The municipal and general liability claims community cannot ignore what keeps coming at us over and over again. There are succinct reasons the City of Chicago was so riddled with criminal police activity during the 1970s, 80s and 90s that in May 2015, the Mayor and City Council found it necessary to set aside $5.5 million to create a fund to pay for the admitted attacks on its citizens during those years. These payments are being made despite the City’s multi-billion-dollar deficits. These payments are being made on top of the what ABC7 in New York reports is more than $100 million already paid in recent judgments and settlements because some sworn police officers were subjecting suspects to beatings, electric shock, suffocation and Russian roulette, according to NPR, which tallied up the settlements.
Why Should The Legal Community Care About Bizarre Police Malfeasance and Citizen Attacks?
Lots of lawyers start out as police officers.
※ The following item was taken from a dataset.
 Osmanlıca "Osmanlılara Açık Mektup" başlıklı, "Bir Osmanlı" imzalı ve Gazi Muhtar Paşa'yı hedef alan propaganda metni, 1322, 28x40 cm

Lots of lawyers “supervise” patrol officers in criminal and disciplinary hearings and other related legal matters. Many rulings from the U.S. Supreme Court like Miranda v. Arizona on down were designed to reign in police actions and behavior. We feel the Illinois legal community can’t and shouldn’t sit on our hands to allow this current situation to continue. We can’t keep coughing and looking the other way. We have to start making sense of this situation and grab ahold of these issues and start to set things straight.
We are also concerned about the basic problem of having complaints about police being made to other fellow police officers and union brothers. One obvious and glaring concern about what happened with the McDonald claim is the extended duration and questionable actions of the ensuing police investigation. Various politicians and news sources are now calling for the resignation of Cook County State’s Attorney Anita Alvarez. Our related concern is State’s Attorney Alvarez will take literally no action on the issue of IL workers’ comp fraud. Her staff will receive recommendations for criminal prosecution of WC claimants from the state agency that initially handles such investigations or the IL Dep’t of Financial and Professional Regulation (IDPFR) and the assistant state’s attorneys let them languish and refuse to take any action, no matter how egregious the circumstance.
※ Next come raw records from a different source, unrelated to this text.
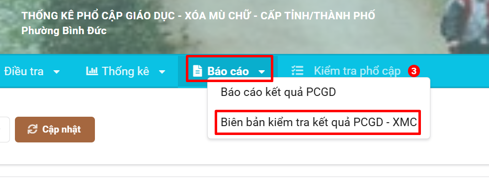 Bước 1: Vào menu Báo cáo -> Biên bản kiểm tra kết quả PCGD-XMC
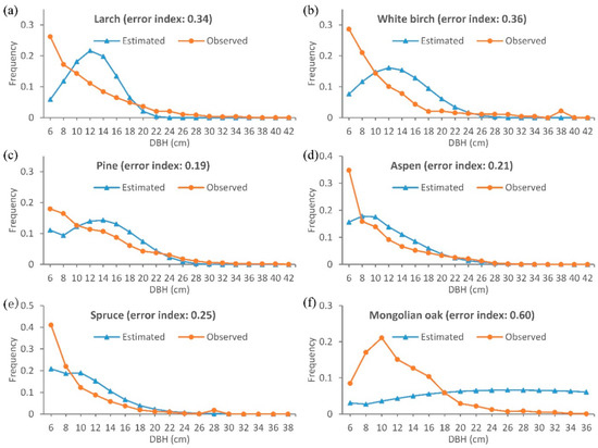 DBH distributions by species (larch (a), white birch (b), pine (c), aspen (d), spruce (e), Mongolian oak (f)) of the observed vs. estimated wall-to-wall tree-lists based on the transformed inventory tree-lists data. The error indices were calculated by regarding all transformed plots as a whole.
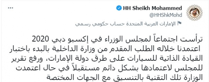 وأوضح في سلسلة تغريدات عبر "تويتر": "ترأست اجتماعا لمجلس الوزراء في إكسبو دبي 2020 اعتمدنا خلاله الطلب المقدم من وزارة الداخلية بالبدء باختبار القيادة الذاتية للسيارات على طرق دولة الإمارات".
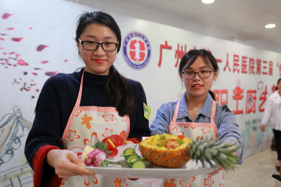 大赛有幸邀请到花园酒店厨师长郑国璋、东方宾馆厨师长邝其进、广州市总工会技能学校高级厨师梁顺明等老师担任本次大赛的评委。评委按照色泽与形态、口味与质感、创作与实用、工艺与火候等要素进行现场打分。经过品鉴,妇产科部门工会林小丹、张沛的《紫金之恋》和门诊部门工会陈凯怡、冯美妍的《虾饺酿鸡翅》获得一等奖;儿科部门工会李秋媚、熊艳的《孔雀开屏》、影像部门工会辜秀峰、陈德成的《硕果累累》、老年科部门工会温松忠、傅丽华的《孔雀开屏》、影像部门工会杨俊、伍云香的《吟菊》获得二等奖;急诊科部门工会秦岭、伍慧红制作的《望湘园》、老年科部门工会林华钰、杨美娟的《菠萝的海》、门诊部门工会郭燕芬、黄秀英的《西柠鸡扒》、内科部门工会何花、赵伊娜的《五彩缤纷》获得三等奖。郑国璋老师为选手做点评,他首先表达了对医务人员的敬意,说想不到严谨的医务人员也能这么有创意地将一道道家常菜变得色香味俱全。他分别从菜品的观感、质感、味感、营养卫生以及创新与使用等方面对这些佳肴进行点评,让选手们在欢笑声中收获良多。
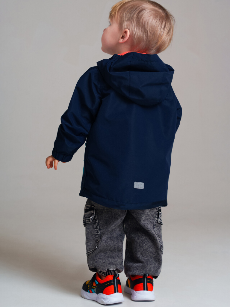 > Куртка детская текстильная с полиуретановым покрытием для мальчиков (ветровка) тёмно-синий,оранжевый
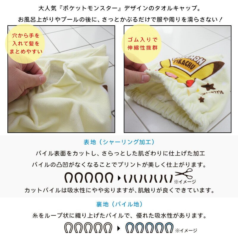 \ポイント2倍 11月30日まで/ポケットモンスター ポケモン キャップタオル 20×42cm 綿100% キャラクター ピカチュウ イーブイ 保育園 幼稚園 小学生 ドライキャップ 男の子 女の子 ジュニア キッズ かわいい タオルキャップ[kpt]【メール便OK】

In short, the IL WC claim community won’t miss State’s Attorney Alvarez, if she resigns to move on to other pursuits or gets voted out.
How Does the Legal and Claims Community Improve Illinois Law Enforcement?
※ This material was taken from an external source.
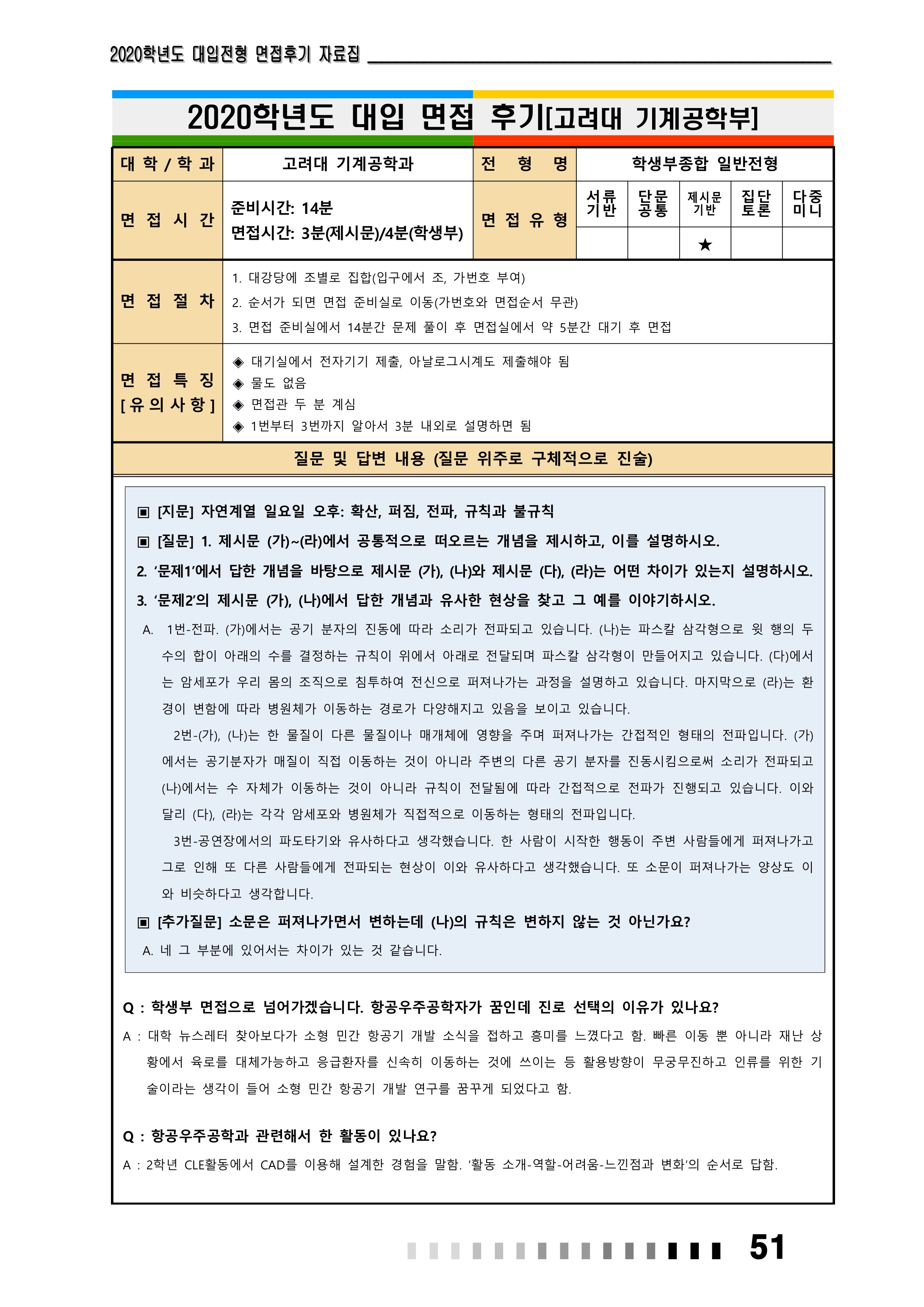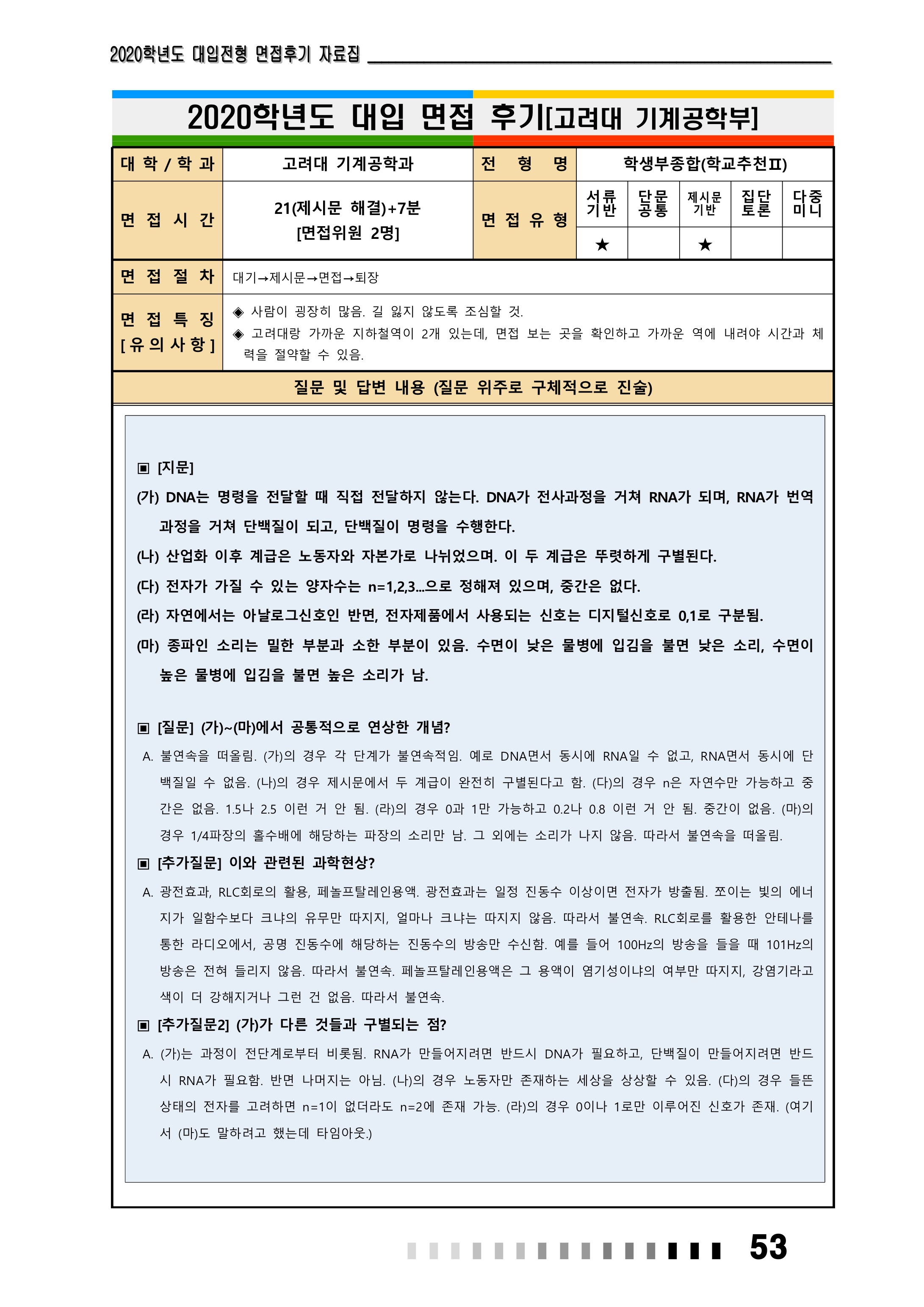 2021학년도 고려대학교 면접 후기17 - 기계공학부

The vast majority of law enforcement officers are well-trained, dedicated and committed to serving their community and all of its citizens. Our police expose themselves to potential life-threatening situations each time they climb into a patrol car and answer calls involving armed robbery, assault, murder, etc. Decedent McDonald had a knife in his hand, had used it to slash tires and refused to obey police commands—17-year-olds sometimes do dopey things. Facing such erratic behavior, our police officers must make snap decisions in high-pressure and dangerous situations. For that, we have to afford them some level of latitude but shooting sixteen rounds, most of them into a prone, unmoving body clearly appears to be over the top. The badge and respect we provide our sworn police officers cannot be a shield for erratic, even criminal behavior of officers in their own right.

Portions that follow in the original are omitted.